Have you ever heard of shadow banking? This term defines a group of companies that operate in the financial system in a parallel manner. As a result, they are not regulated by the sector's authorities.
But what are the objectives of this parallel structure that often crosses borders and operates in several countries simultaneously? More importantly, what risks does this type of practice pose, both for individuals and for the financial system? The answers to this question are throughout the article. Check it out!
After all, what is shadow banking and when did it emerge?
The brief definition we gave in the introduction already gives a good idea of what shadow banking is. Another way to understand it is by translating the term that defines it: in Portuguese, we would have something like “shadow banking system”. It is also called the informal banking system.
Its emergence dates back to the beginning of the 21st century. Shadow honduras phone number list involves a series of unregulated intermediaries that include investment banks, hedge funds, derivatives operations, factoring operations and decentralized lending mechanisms, among others.
In practice, institutions that engage in shadow banking are primarily looking for places where they can escape the rules of traditional banking systems. Among many of the requirements of regulated financial institutions are capital reserves, liquidity and other measures necessary to prevent failures and bankruptcies.

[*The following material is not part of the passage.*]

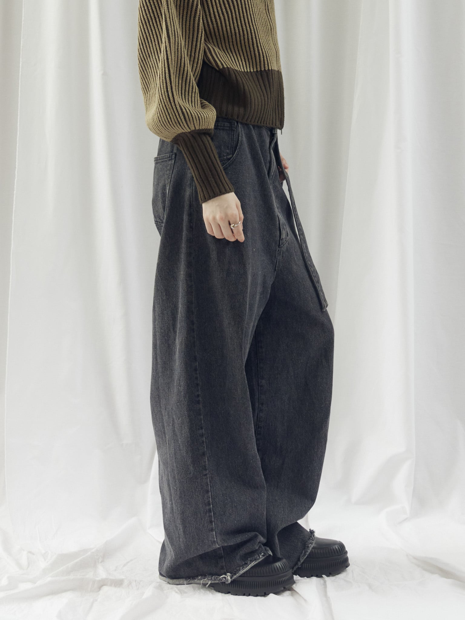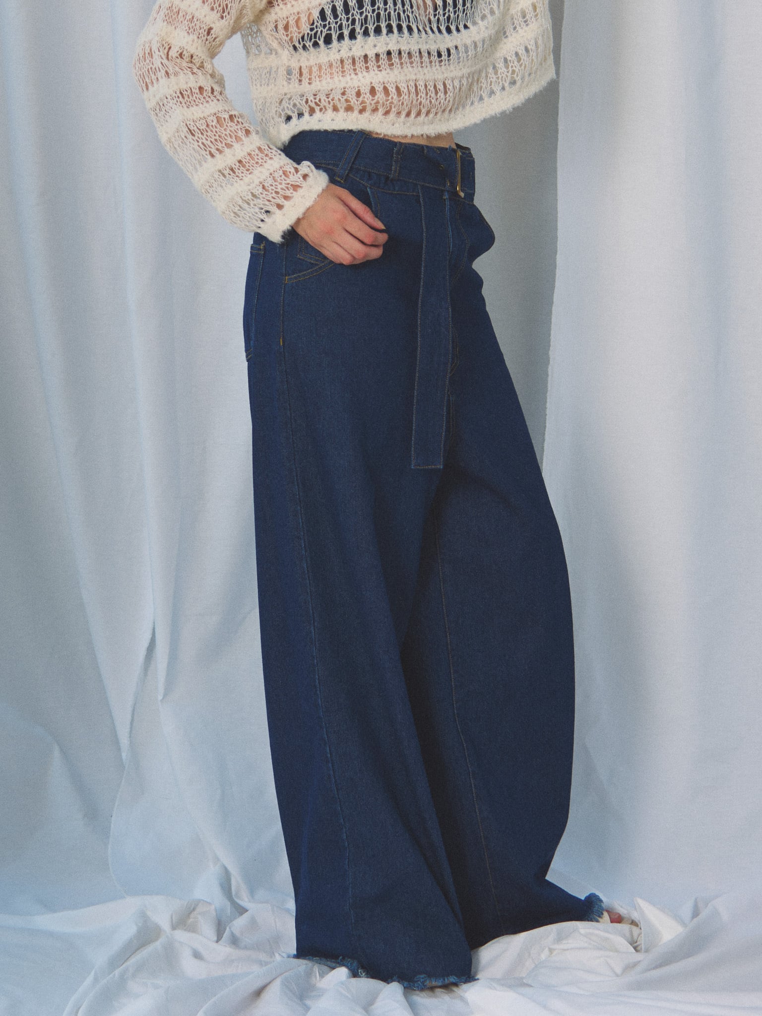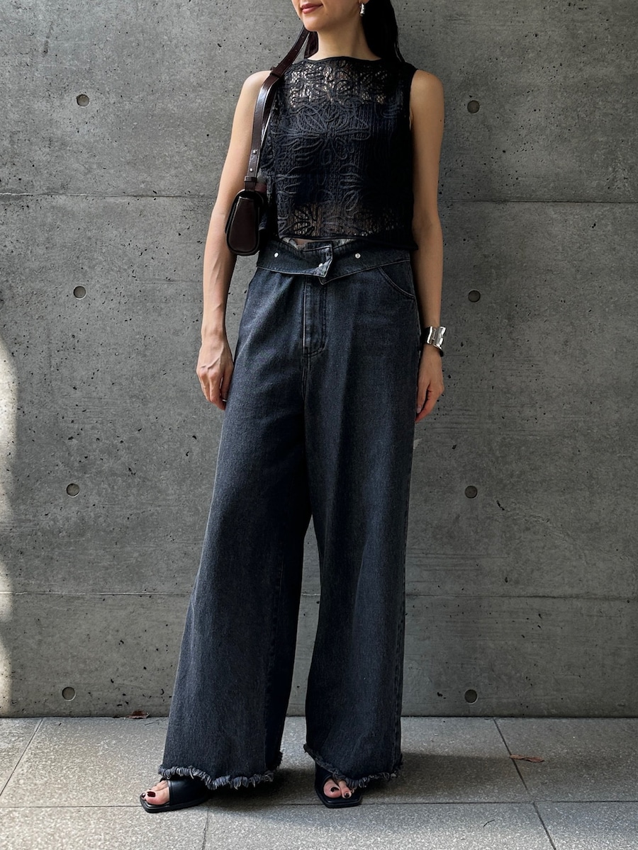 FRINGE DENIM JACKET(フリンジデニムジャケット)【5513027】とのセットアップスタイルがおすすめです。ボトムスにボリュームがあるので、トップスはコンパクトにすると着膨れしません。Tシャツ・シアートップス・ブラウス・トレーナー・セーターなど幅広いアイテムとのコーディネートをお楽しみください。
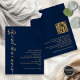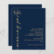 Caligrafia orçamental Código QR Marinho Azul e Dourado Convidados do Partido de Casamento Noturno. Um alternativo com preço inferior a 4,5 x 5,6" em semigloscópio de 110 gsm, semelhante em espessura a um cartão postal. Adicione seu código QR ao seu site de casamento no verso faz com que esta seja uma opção conveniente para seus convidados para RSVP e veja todos os detalhes sem a necessidade de RSVP separado e cartões de detalhes. O script de na moda é girado para o lado esquerdo, com todos os detalhes elegantemente para a direita com muito espaço em branco para uma sensação contemporânea. Personalize facilmente com seus detalhes. E altere a cor do texto e do plano de fundo, se desejar, através da opção editar mais.

This failure to comply with the rules allows many institutions in this parallel market to operate with a high degree of leverage. In short, leverage is a type of credit operation in which a person or company is able to operate in certain markets with a much greater financial capacity than they actually have.
As a result, risks skyrocket and, if a problem occurs, the losses can be irreversible. As a result, much of shadow banking is focused on intermediating transactions between creditors and borrowers, releasing loans that would not be granted if all regulations were followed to the letter.
It is no wonder that many experts point to shadow banking intermediaries as one of the triggers of the 2008 crisis. They operated with a high degree of leverage amid the frenetic granting of real estate credit. When the system collapsed due to the increase in defaults, many of these institutions plummeted, taking a large part of the world economy with them.